К сожалению, никакое волшебство не может длиться вечно. Время вновь обрело привычный темп, и жизнь, словно резвый скакун, понесла – вперед, только вперед, больше никаких пауз. Неземное сияние померкло, как будто и не было, воображение стыдливо притихло, и только ошарашенное выражение не сразу сошло с лиц.

Но это здесь, в маленькой забегаловке на три столика, только что творились чудеса, а там, снаружи, жизнь не останавливалась ни на секунду: горел огонь и кипела вода, звенело оружие и скрипели колеса дрезин, торговались и покупали – дышала станция, набирая в легкие неживой, промозглый воздух туннелей и выдыхая на платформу пахнущее дымом тепло. Впрочем, к запаху дыма и тяжести дыхания все настолько привыкли, что уже не замечали, и лишь иной пришелец с поверхности недовольно морщился, снимая противогаз.

Пожилой человек поправил очки, вздохнул и с печалью хрипло произнес:

– Вы меня удивили.

Музыкант улыбнулся в ответ:

– Я не нарочно.

Слепец негромко рассмеялся, словно закаркал старый, побитый жизнью ворон, и ему почтительно вторили сидящие за соседними столиками, но едва он умолк, и они замолчали, будто по команде.

– Сумели вы порадовать старого, больного человека, – вновь заговорил слепой. – У вас есть талант. Это видно даже мне, незрячему. И, похоже, вы заплатили за него свою цену.

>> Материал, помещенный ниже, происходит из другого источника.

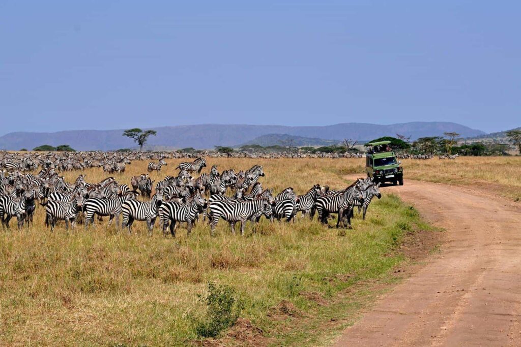 Após o safári, retorno ao lodge para o almoço e, em seguida, início da viagem terrestre rumo a Karatu. O trajeto percorre o Parque Nacional do Serengeti e a Área de Conservação de Ngorongoro, em um percurso de aproximadamente três a quatro horas. Ao longo do caminho, a paisagem se transforma: vastas planícies cedem lugar a colinas ondulantes, campos cultivados e vegetação exuberante, compondo um cenário que traduz a riqueza natural da Tanzânia.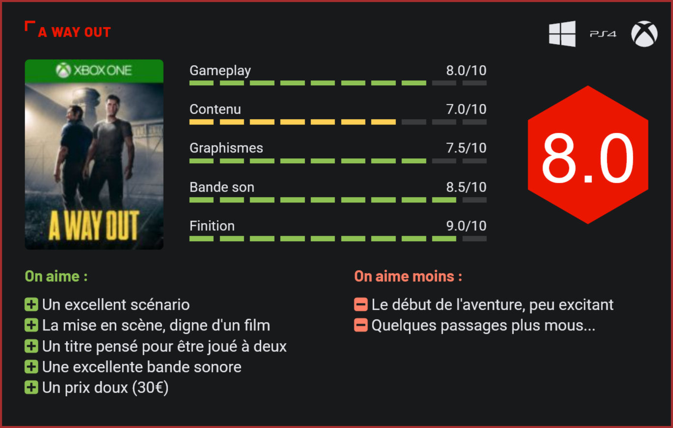 Imaginé par les créateurs de “Brothers: A Tale of Two Sons”, “A Way Out” est le second jeu à intégrer le programme EA Originals, qui met en avant de petites productions indépendantes. Second jeu dirigé par Josef Fares – le “papa” du hit Brothers: A Tale of Two Sons et réalisateur de formation, A Way Out est également le second jeu à intégrer le programme EA Originals, après Fé. Ambitieux, le titre reprend le concept de Brothers: A Tale of Two Sons en proposant une aventure se jouant exclusivement en coopération, tout en plongeant le joueur dans un scénario plus réaliste, mais aussi beaucoup plus sombre. Jouable en ligne ou en écran-splitté, A Way Out hérite de nombreux éléments propres au septième art, à commencer par sa mise en scène digne d’une grosse production hollywoodienne, ses dialogues soignés, son sens du timing et le cadrage qui se focalise parfaitement sur l’action. Au début de l’aventure, les deux joueurs remarqueront ainsi que les personnages qu’ils incarnent apparaissent de part et d’autre de l’écran, dans deux cadres séparés. Ces deux cadres fusionneront – occasionnellement -, s’agrandiront ou se réduiront, selon les occasions et l’importance que prendra un personnage dans la narration. Brillamment construit, A Way Out rappelle à chaque instant qu’il est avant tout un titre qui a été pensé pour être joué à deux. Au début de l’aventure, les joueurs devront choisir le personnage qui leur correspond le mieux. Ils auront le choix entre deux profils, Léo et Vincent, deux personnages qui se sont retrouvés malgré eux en taule et tenteront par tous les moyens de quitter la prison. Pas de suspens ici puisque l’aventure dirige naturellement le joueur vers cette escapade. Les deux premières heures de jeu permettront aux joueurs de découvrir les mécanismes du jeu avant de démarrer la véritable aventure. Car en dépit des apparences, le passage par la case prison ne vous occupera que deux petites heures seulement – après quoi l’aventure réservera son lot de surprises et courses-poursuites effrénées. Notons d’ailleurs que si une bonne partie du gameplay repose sur l’exploration et la plate-forme, le joueur sera également amené à prendre part à des gunfights, à conduire différents véhicules et à affronter ses ennemis au corps à corps. A Way Out offre une diversité de gameplay proprement impressionnante. Car outre creuser un trou derrière le siège des W.C., défendre sa réputation face aux bras lourds de la prison et construire son plan d’évasion, le joueur pourra également prendre part à de nombreuses activités secondaires – des haltères au baseball en passant par le Puissance 4 et le jeu de fléchettes. Il existe dans ce jeu des centaines de façons de passer son temps sans progresser dans l’aventure, et c’est bien là ce qui fait tout son charme. En outre, on remarquera que toutes les séquences de jeu sont parfaitement maîtrisées et procurent de solides sensations, en ce compris la descente en rafting et les courses poursuites motorisées. Bourré de références, le jeu d’Hazelight mélange brillamment les genres pour nous offrir une expérience véritablement inédite. Et si certains lui reprocheront un rythme qui a tendance à parfois fortement ralentir, et un début d’aventure pas très excitant, le jeu d’Hazelight n’en reste pas moins un joli tour de force, et une formidable aventure à vivre entre amis. Alors certes, le jeu n’est pas bien long – comptez 5 à 6 heures en ligne droite -, mais pour 30€, on a droit à une expérience qui mérite largement le détour et offre enfin quelque chose de rafraichissant au joueur. Passionnant de bout en bout, A Way Out séduit surtout par son sens de la mise en scène et sa réalisation technique, très impressionnante pour une petite production. Car à défaut d’être une claque, A Way Out est un titre beau, très beau même, avec un character design soigné, une mise en scène d’exception, des décors à couper le souffle et une animation exceptionnelle. Si tous les niveaux ne se valent pas, on attribuera toutefois une médaille aux niveaux se déroulant en extérieur, qui sont l’occasion de découvrir des décors parfois très poétiques. L’excellente bande-sonore du jeu (des bruitages aux morceaux) ne fait que renforcer l’immersion dans cet univers sombre, créé par un directeur qui maîtrise parfaitement toutes les ficelles du métier. On notera d’ailleurs que sur le plan narratif, A Way Out ne déçoit pas avec un scénario qui nous tient en haleine de bout en bout, et un final absolument grandiose – et, une fois n’est pas coutume, totalement inattendu. Conclusion Franche réussite à tous les niveaux, A Way Out est un titre qui a été entièrement pensé pour être joué en multijoueur et procure des sensations totalement inédit. Véritable bouffée d’air frais pour les joueurs en manque de sensations fortes, le titre d’Hazelight propose une aventure haletante dans la peau de deux taulards en fuite. S’inspirant du septième art, le jeu d’Hazelight séduit pas sa réalisation, la diversité des séquences de jeu et son sens de la mise en scène. Si on lui reprochera quelques passages plus mous, et un début d’aventure qui pose les bases, difficile de ne pas être séduit par ce projet ambitieux, qui a le mérite de nous être proposé à moins de 30€…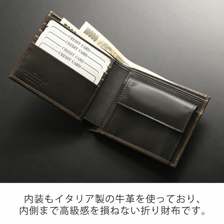 1980年代にデザイナーのアルバート・アミデイの指導の下、 職人たちの新たな拠点として、Antony Group Co. Ltdが、 モデナに設立されました。 革新的なデザイナー達のチームワークと協力の元、 高品質な素材を使ったコレクションが次々と生まれ、 2000年代の初めにSilvano Biagini(シルヴァノビアジーニ)という ブランドが設立されました。 以来、Silvano Biagini の製品は、 北イタリアの町モデナにてイタリアの職人たちの 手によって製造されています。 美しいレザーを作り続ける 老舗のイタリアタンナーから仕入れた皮革を用いて、 全ての製造工程をイタリアで行っているブランドです。 古くから美しいレザーを作り続けるイタリアのタンナーが 昔から伝わる伝統的な技術で鞣した牛革を使用しています。 革が本来持つ、血管の跡や小さな傷のようなものは 世界に一つしかないその本革が持つ個性です。 この生きた証を自然に保持したナチュラルレザー、 フルグレインレザーを使っています。 革の表面は濃淡のグラデーションを手作業で施しています。 美しい革本来表情と、イタリアらしい遊び心のある深い色合いで、 愛着を持って長く使いたくなるレザーに仕上がっています。 表面から裏面にかけて、一枚の革で仕立てています。 財布の背の部分に継ぎ目のない、美しい仕上がりです。 内装もイタリア製の牛革を使用しています。 シンプルでオーソドックスな造りで、 財布をスマートに持ちたい方におすすめです。 内側の左側はカードホルダー×4が付いており、 右側はスナップボタン付きの小銭入れになっています。 紙幣入れは二層に分かれています。 カードホルダーや小銭入れの奥に 合計3つのポケットがあります。 ブランド専用の化粧箱に入れて発送します。 大切な人へのプレゼントにもおすすめの二つ折り財布です。 重量:約120g 内装のレザーもイタリア製の牛革を使用しています。

Музыкант ничего не ответил.

– Я знаю, кто вы. Каждый год в этот день вы появляетесь на моей станции. Полагаю, этот день, сегодня, особенный… – задумчиво продолжил слепой. – Я не хочу знать вашу тайну, но, может быть, смогу чем-то помочь? Что-то сделать для вас?

Музыкант немного помолчал, качнул головой, а потом, спохватившись, что собеседник его не видит, промолвил:

– Нет… Вы знаете: золото светится, как звезда. Любовь, пусть даже не ведающая, что она – любовь, нуждается только в свете, но не в силах человеческих присвоить себе свет… Простите.

Слепец свел брови, и на лбу его пролегли глубокие морщины. Сидящие за соседними столами, чутко прислушиваясь к разговору, в этот миг все как один посмотрели на музыканта, и в глазах некоторых он уловил отблески разгорающегося пламени.

Но слепец не дал огню разгореться: он снова улыбнулся.

– Мне не на что обижаться. Спасибо. Вы искренни и смелы, что редкость по нынешним временам. Раз вам ничего не нужно, идите. И простите, что задержал.

Музыкант подхватил инструмент и поднялся с сиденья.

– Только помните, – добавил человек, снимая очки и осторожно пристраивая их на столе, – искренность в небольших дозах опасна…

– А в больших – смертоносна, – негромко закончил музыкант. – Я знаю.

– Копыто! – слепец щелкнул пальцами, за спиной у него в тот же миг появился невысокий крепкий мужичок и вежливо, но без подобострастия склонился к плечу. – Пробьешь пролетку с лабухом до дверей наверх, убедишься, что все в ажуре. И овсу отсыпь.

– Понял, – мужичок кивнул, смешно шевельнул усами и поманил музыканта за собой.

Тот шагнул к выходу, на пороге обернулся: искалеченные невидящие глаза, не скрываемые более за черными стеклами, смотрели в никуда. Наверняка у калеки была своя тайна, и наверняка он тоже дорого заплатил.

Музыкант вспомнил Соломона: «Во многой мудрости много печали; и кто умножает познания, умножает скорбь», и, вздохнув, повернулся.

Нет уж, ему достаточно печали. Если в этом мире существуют те, кому еще не хватает, он может поделиться. Совершенно безвозмездно. Впрочем, вряд ли на целом свете найдется хотя бы один такой человек.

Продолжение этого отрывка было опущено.